▶ **Prompt**
Pictures are to be left out, and only the lines below starting at the one with "Un ensemble de" and ending at the one with "Magnificent Australian Opal" are to be reproduced, each exactly, both ends included.
***** Source material
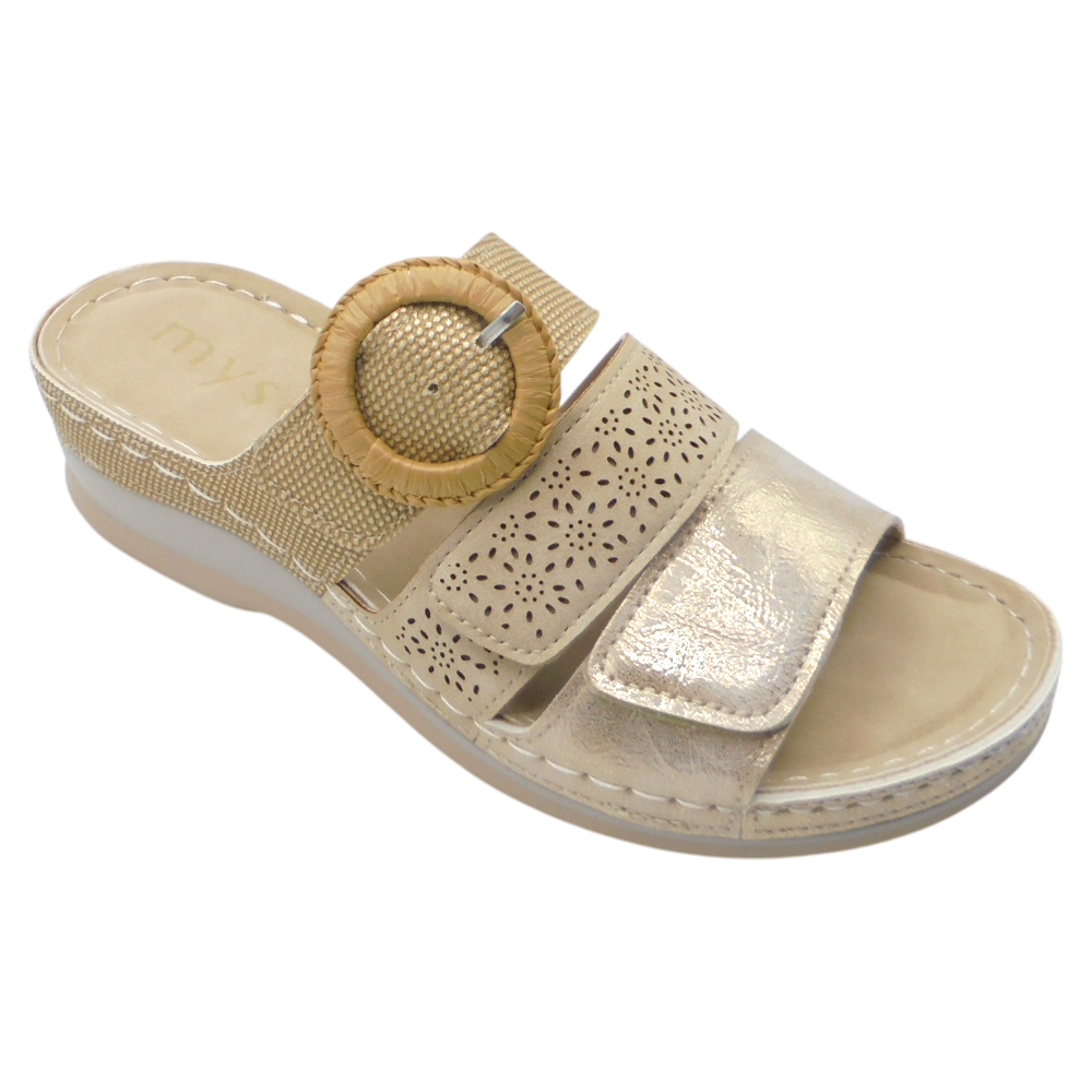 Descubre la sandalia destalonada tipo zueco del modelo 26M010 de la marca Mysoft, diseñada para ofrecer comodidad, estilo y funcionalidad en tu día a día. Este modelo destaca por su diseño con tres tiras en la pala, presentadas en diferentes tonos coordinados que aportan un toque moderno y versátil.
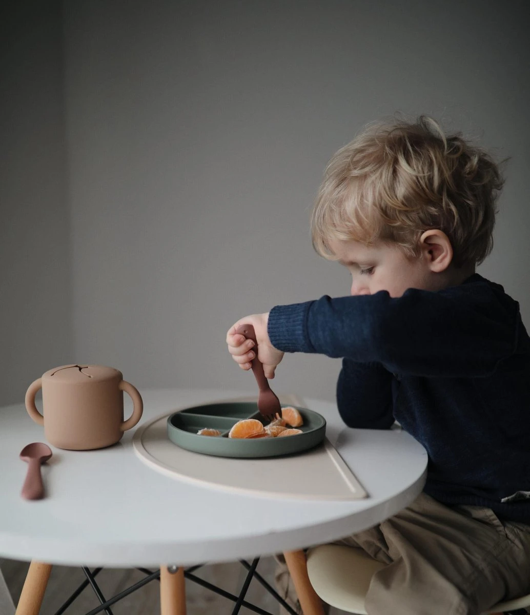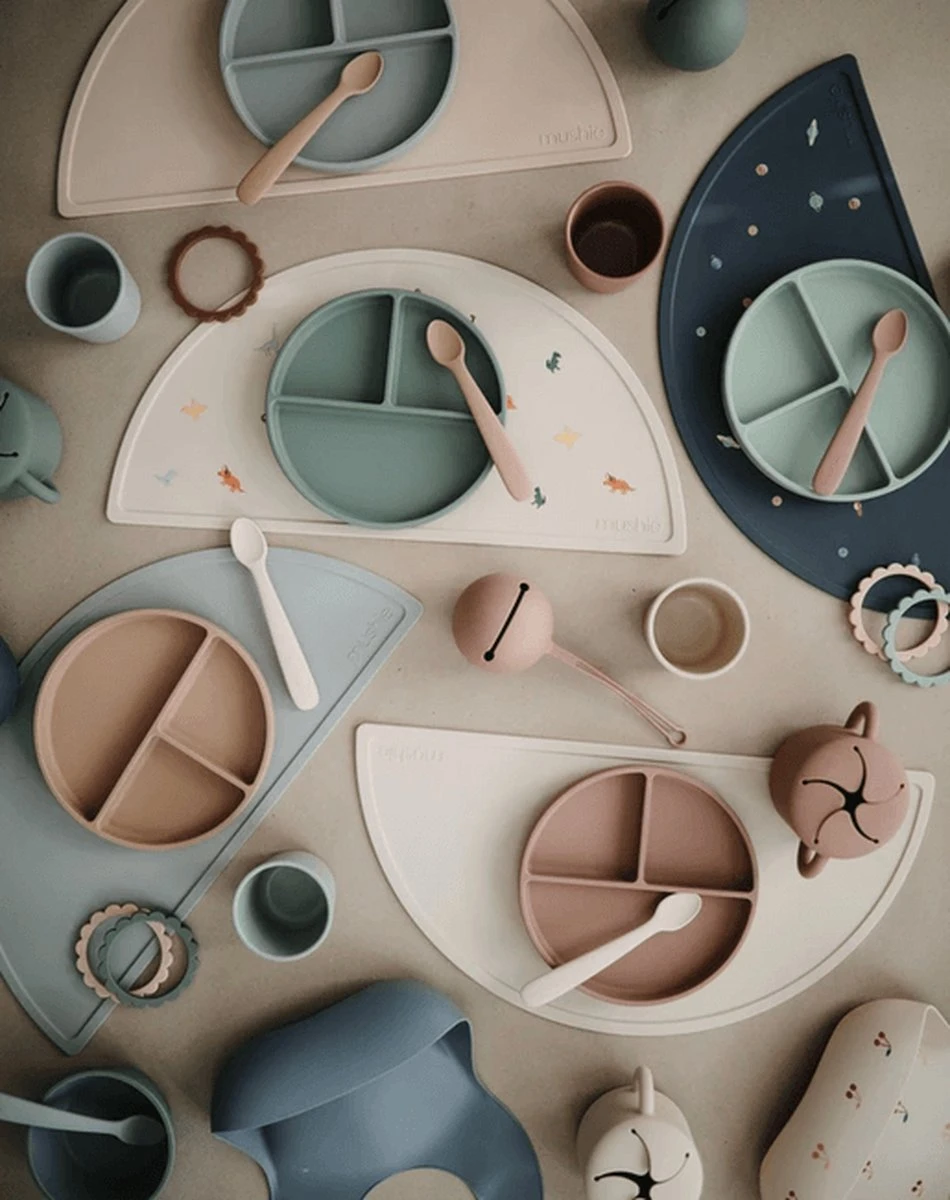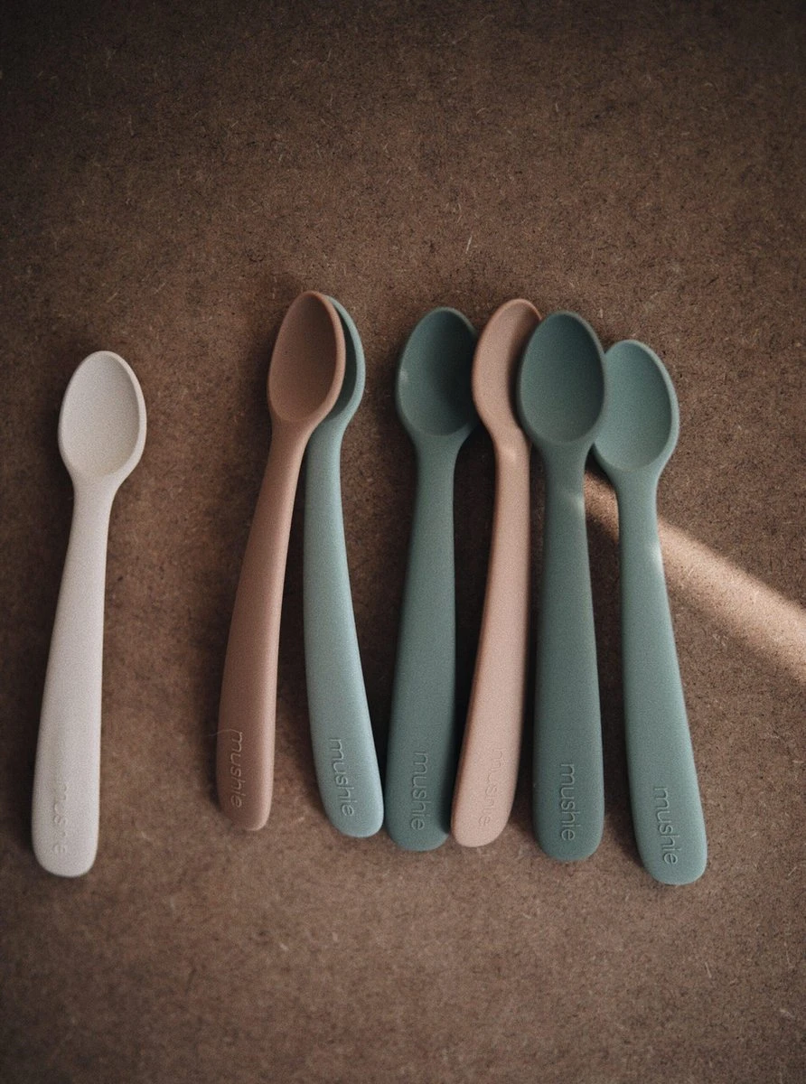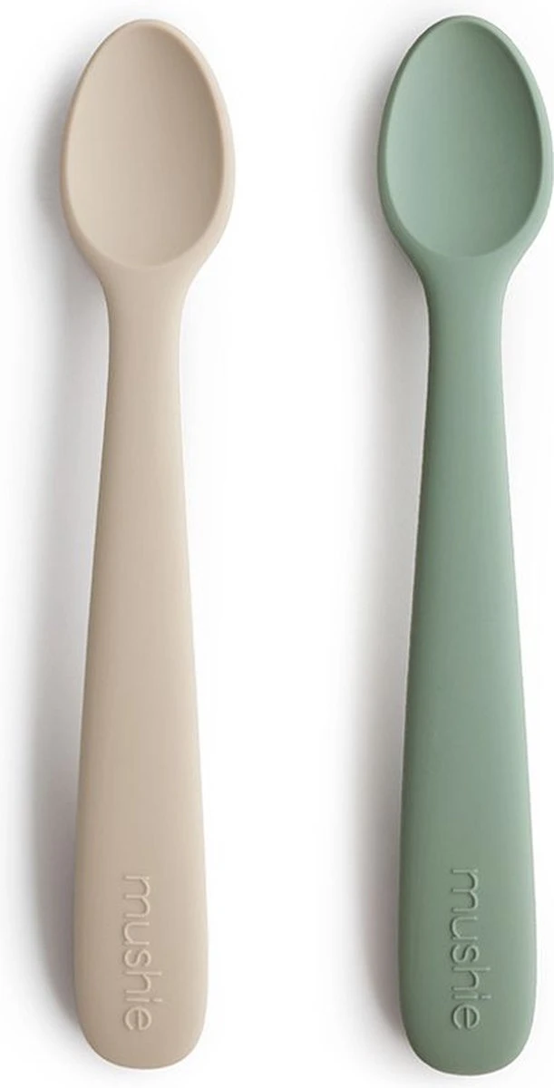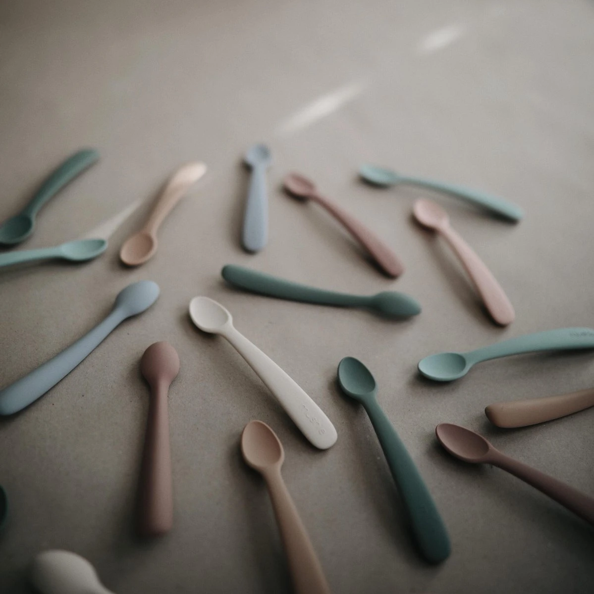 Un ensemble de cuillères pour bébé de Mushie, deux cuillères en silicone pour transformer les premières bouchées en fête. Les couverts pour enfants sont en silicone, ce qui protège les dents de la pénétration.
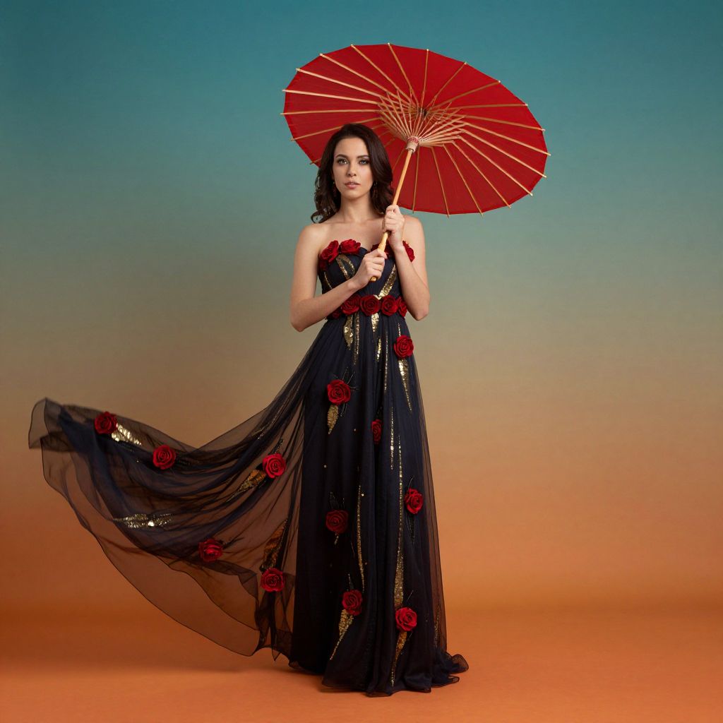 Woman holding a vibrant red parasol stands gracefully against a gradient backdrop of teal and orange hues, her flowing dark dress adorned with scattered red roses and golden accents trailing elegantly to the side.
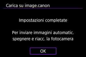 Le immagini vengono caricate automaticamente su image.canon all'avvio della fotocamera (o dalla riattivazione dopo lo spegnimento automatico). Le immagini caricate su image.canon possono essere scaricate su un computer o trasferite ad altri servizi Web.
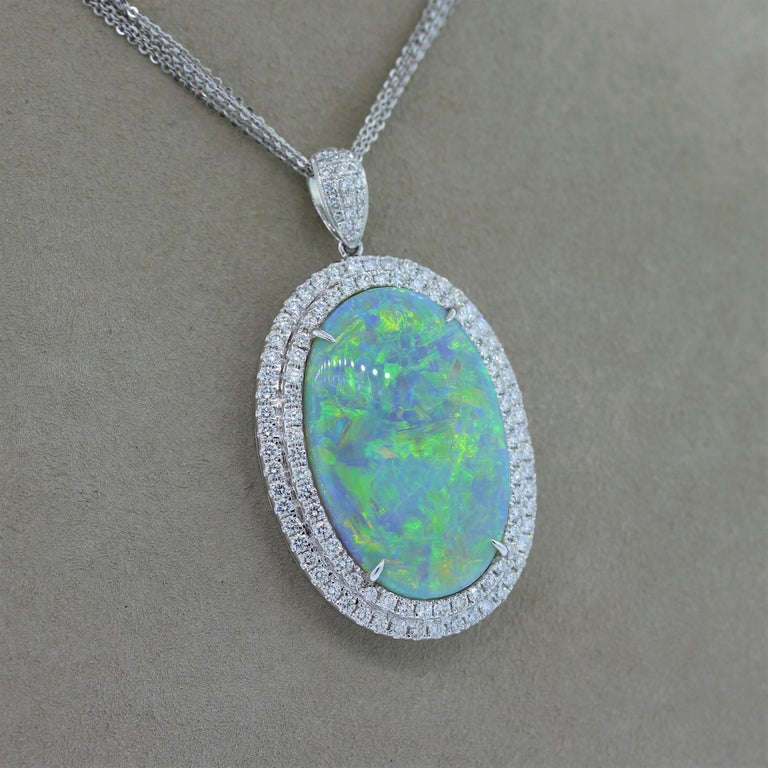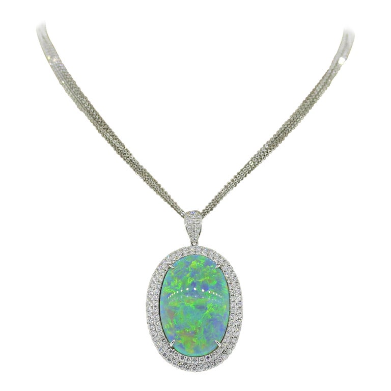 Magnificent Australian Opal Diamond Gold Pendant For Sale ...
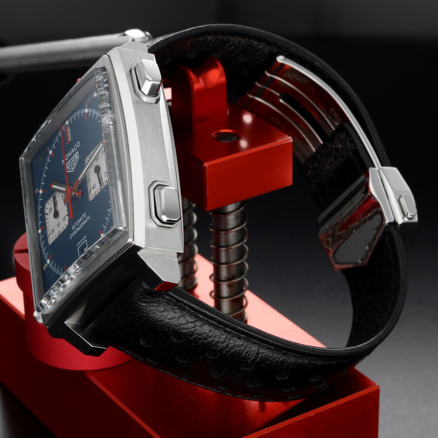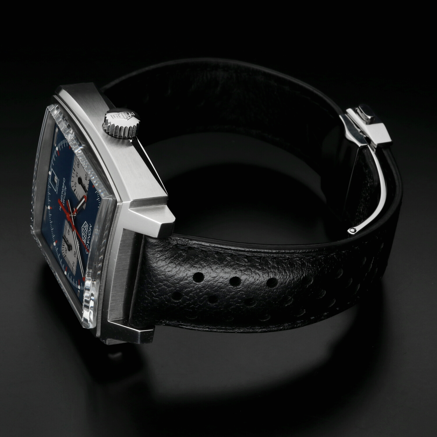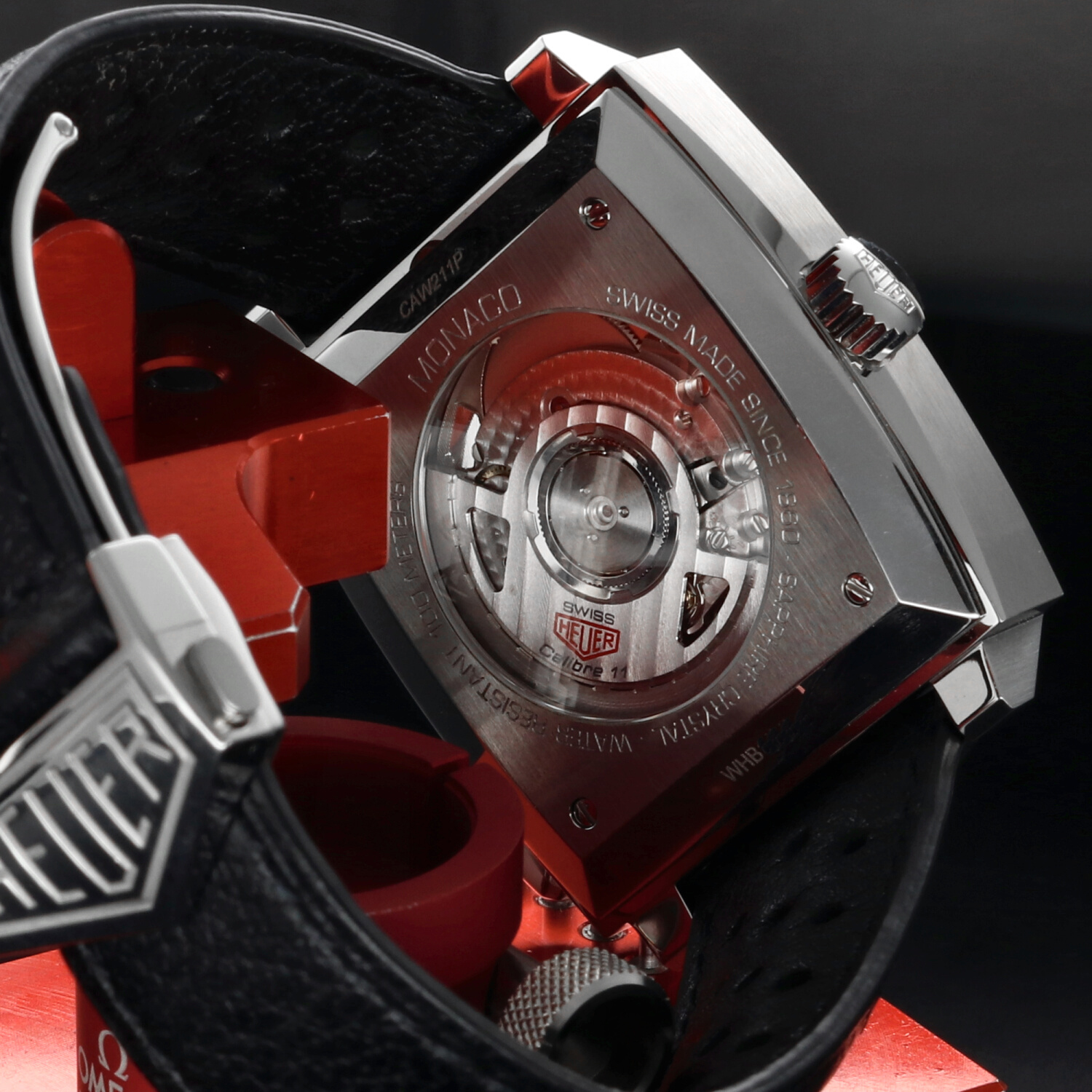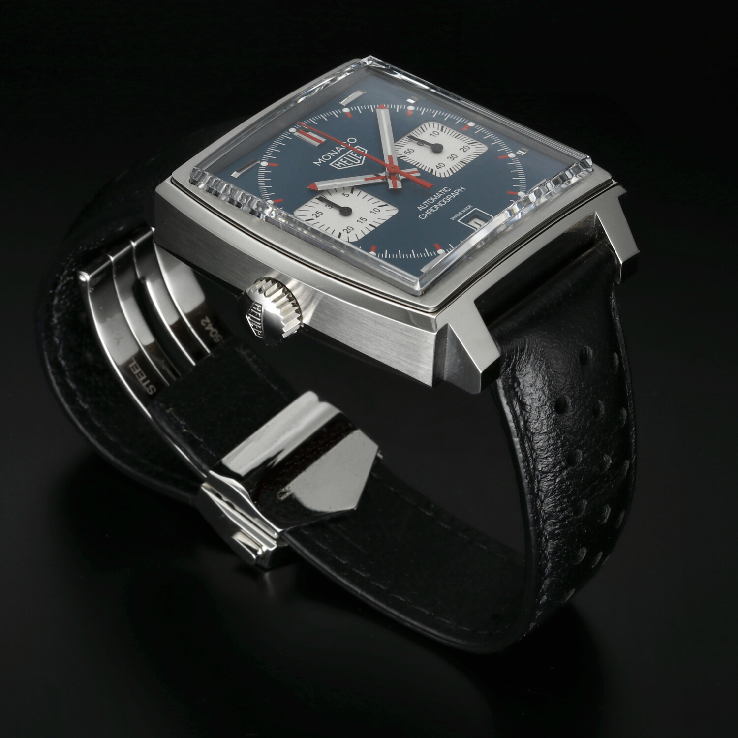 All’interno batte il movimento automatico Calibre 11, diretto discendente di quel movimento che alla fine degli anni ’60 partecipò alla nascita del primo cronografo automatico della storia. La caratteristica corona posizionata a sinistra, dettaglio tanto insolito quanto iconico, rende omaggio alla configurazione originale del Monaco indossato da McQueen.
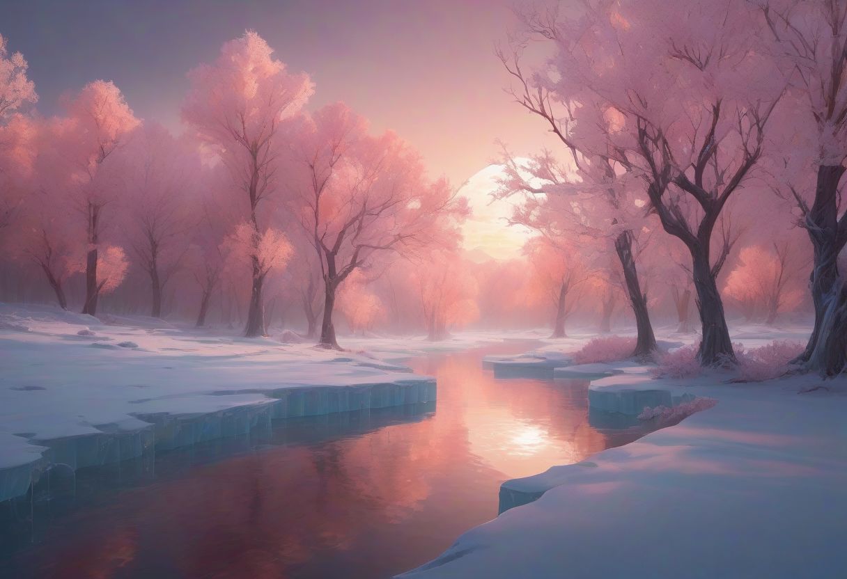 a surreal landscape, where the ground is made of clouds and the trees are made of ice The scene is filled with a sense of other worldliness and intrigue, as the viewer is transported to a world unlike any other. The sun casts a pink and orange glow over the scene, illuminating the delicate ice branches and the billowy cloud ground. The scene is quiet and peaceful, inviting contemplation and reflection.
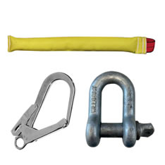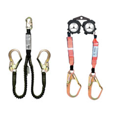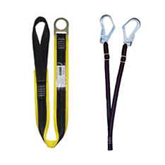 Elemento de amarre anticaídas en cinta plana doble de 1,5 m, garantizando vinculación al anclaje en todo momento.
**********
▶ **Solution to this exercise**
 Un ensemble de cuillères pour bébé de Mushie, deux cuillères en silicone pour transformer les premières bouchées en fête. Les couverts pour enfants sont en silicone, ce qui protège les dents de la pénétration.
 Woman holding a vibrant red parasol stands gracefully against a gradient backdrop of teal and orange hues, her flowing dark dress adorned with scattered red roses and golden accents trailing elegantly to the side.
 Le immagini vengono caricate automaticamente su image.canon all'avvio della fotocamera (o dalla riattivazione dopo lo spegnimento automatico). Le immagini caricate su image.canon possono essere scaricate su un computer o trasferite ad altri servizi Web.
 Magnificent Australian Opal Diamond Gold Pendant For Sale ...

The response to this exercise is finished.